In 1609 the Venetian Giovanni Da Lezze described the territory of Cobiato, the villas and religious buildings in the Bresciano Catastic.
In 1640 the Municipality of Cobiato endowed itself with precise statutes for the administration of the waters and to regulate common life.
In 1640 the Municipality of Cobiato endowed itself with precise statutes for the administration of the waters and to regulate common life.
In 1701 the official use of the name Collebeato began on French maps and from 1779 on the Lombard-Venetian maps the name will officially remain this.
From 1770 to 1794 the notary Bartolomeo Mattanza was active in Collebeato.
From 1737 to 1800 the notary Gaetano Bonera was active.
In 1833 the patrimony of the Martinengo Counts, on the death of Girolamo Silvio Martinengo, a Venetian noble (translator of Milton's Paradise Lost in 1801), passed to his cousin Alessandro Molin and through his daughter, Maria, to the Friulian counts Panciera di Zoppola still owners of the gardens and the splendid villa.

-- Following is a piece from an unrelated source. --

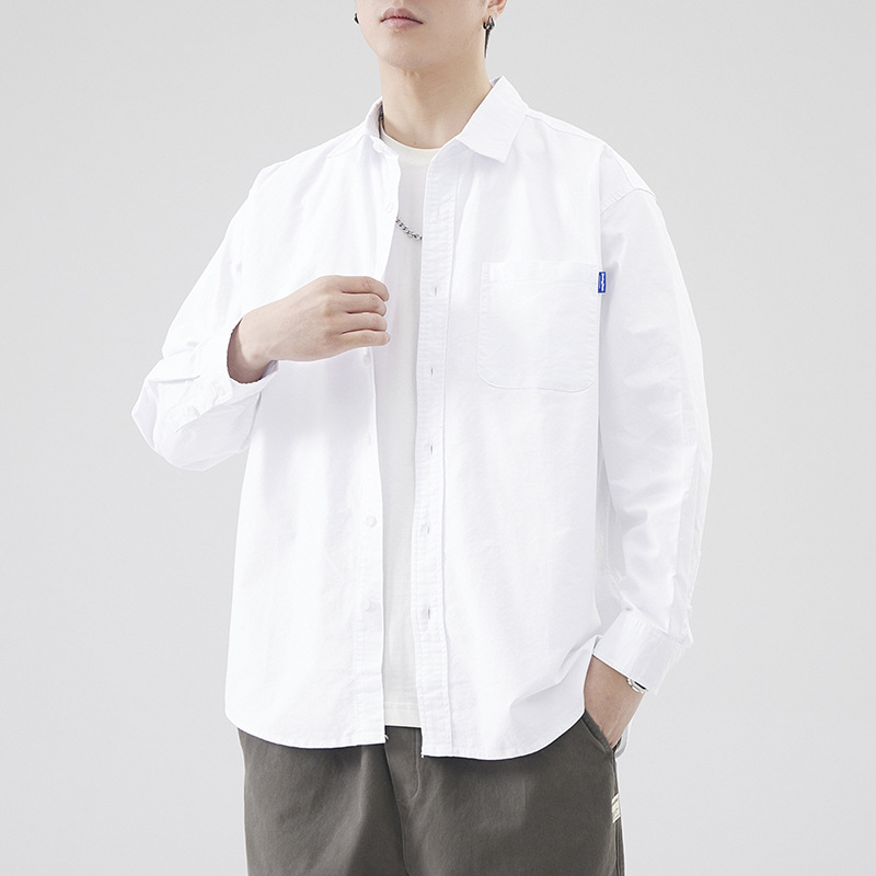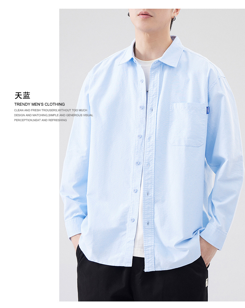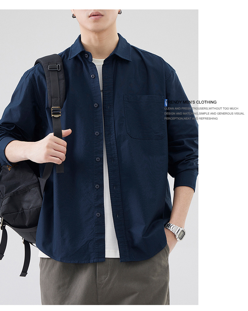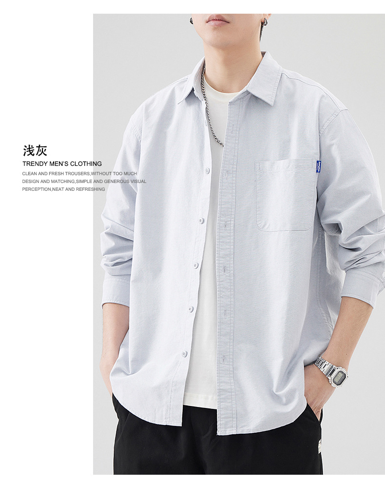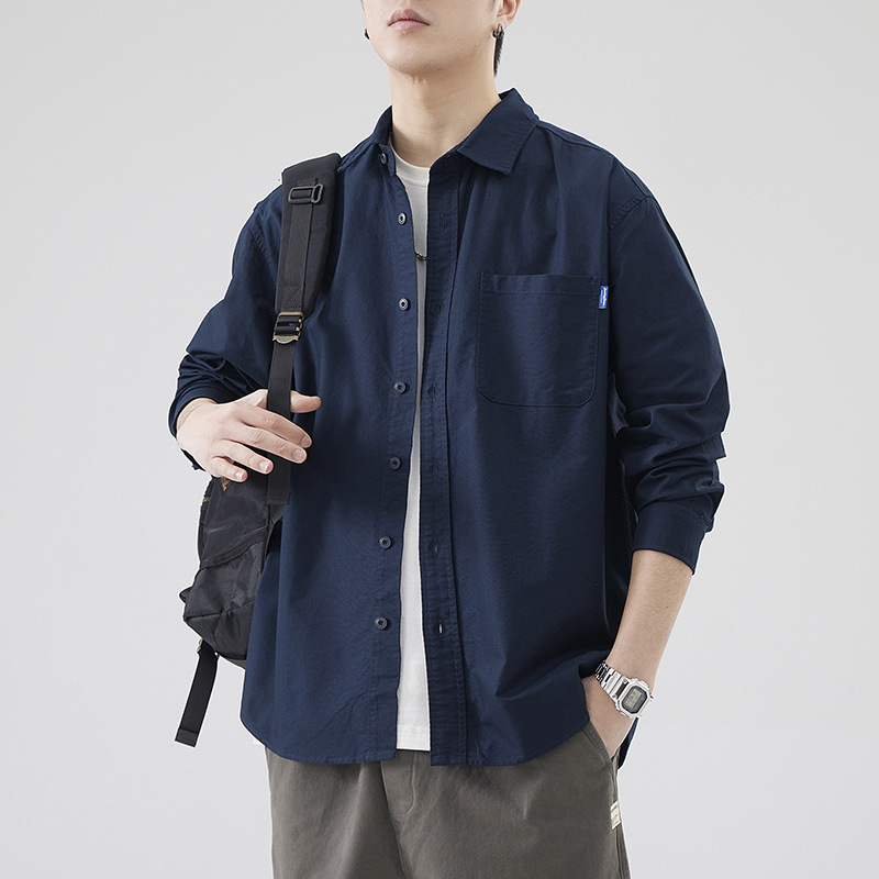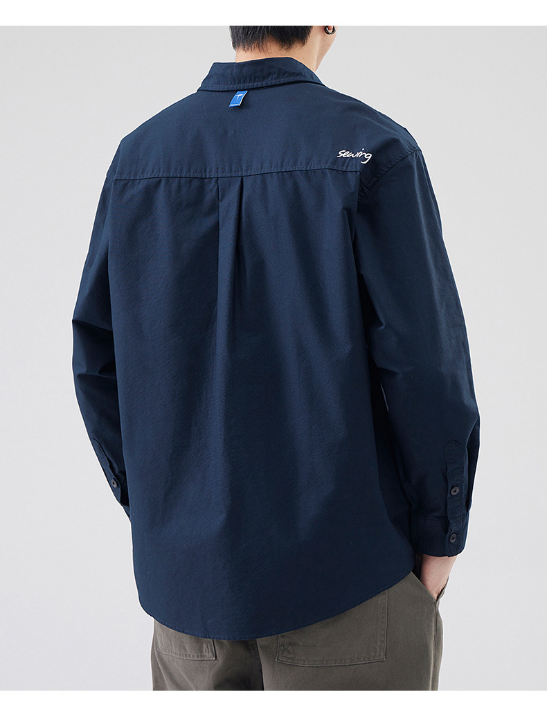 단색 옷깃 긴 소매 셔츠 남자의 가을 새로운 간단한 순수한 면 캐주얼 느슨한 일본 자수 셔츠스토어 가기

In 1850, Count Giuseppe Torre at the gardens of his villa (the current Parco 1º Maggio) selected a new type of flower, the Camelia Japonica "Vergine di Collebeato", a very particular type of white camellia with concentric spirals, described and admired in the 1857 by the statesman Giuseppe Zanardelli in one of his letters.
From 1851 to 1856 Collebeato was the center of the Risorgimento riots in Brescia, where Mazzinians, who were housed and hidden in the villas and courtyards of the town, took refuge; an underground printing house was installed there.
The patriot Tito Speri gathered and trained the anti-Austrian revolutionary troops in the country's fields.
In 1889 the priest, writer and intellectual Pietro Rigosa was born in Collebeato. He had as a pupil and friend Giovan Battista Montini (future Pope Paul VI), he wrote many short stories, including The Lion of Brescia (Gatti, Brescia 1932), a novel set in Collebeato and dedicated to the life of Tito Speri.
In 1910 the industrialist and benefactor Filippo Rovetta imported American peach seedlings from Louisiana and in 1919 he started a large-scale production of peaches, tilling large plots of land in the north of the country, still existing orchards today. The example was soon followed by all the landowners in the country transforming local agriculture in a radical way. Collebeato was the main producer of peaches in the Brescia area until the 1940s and among the main nationally producing over ninety different species of peaches.
In 1936 the "Dopolavoro" organized the first Peach Festival, a festival for which the town is still renowned in the province of Brescia.
From 1956 to 1965 the quarry and factory of the CEMBRE cement factory were active, an activity that led to the decline of fish farming due to the environmental incompatibility between the two production activities that insisted on the same territory.
After the war the building expansion of the town began, first with the villages of the white cooperatives of Father Ottorino Marcolini in the fifties and sixties and in the following years with red cooperatives.
Today the flat territory is almost completely built of villas and condominiums with a large garden.
The prestigious residential area is part of the "Parco delle Colline" area.
In September 2012, the new sports center was completed, a work that completely redeveloped the area of the former Cembre cement factory.
In 2018 Collebeato won the "La Città per il Verde 2018" award. The award was unanimously awarded by the jury of the XIX edition in recognition of the environmental validity of the "Ecological Corridor of the Mella River".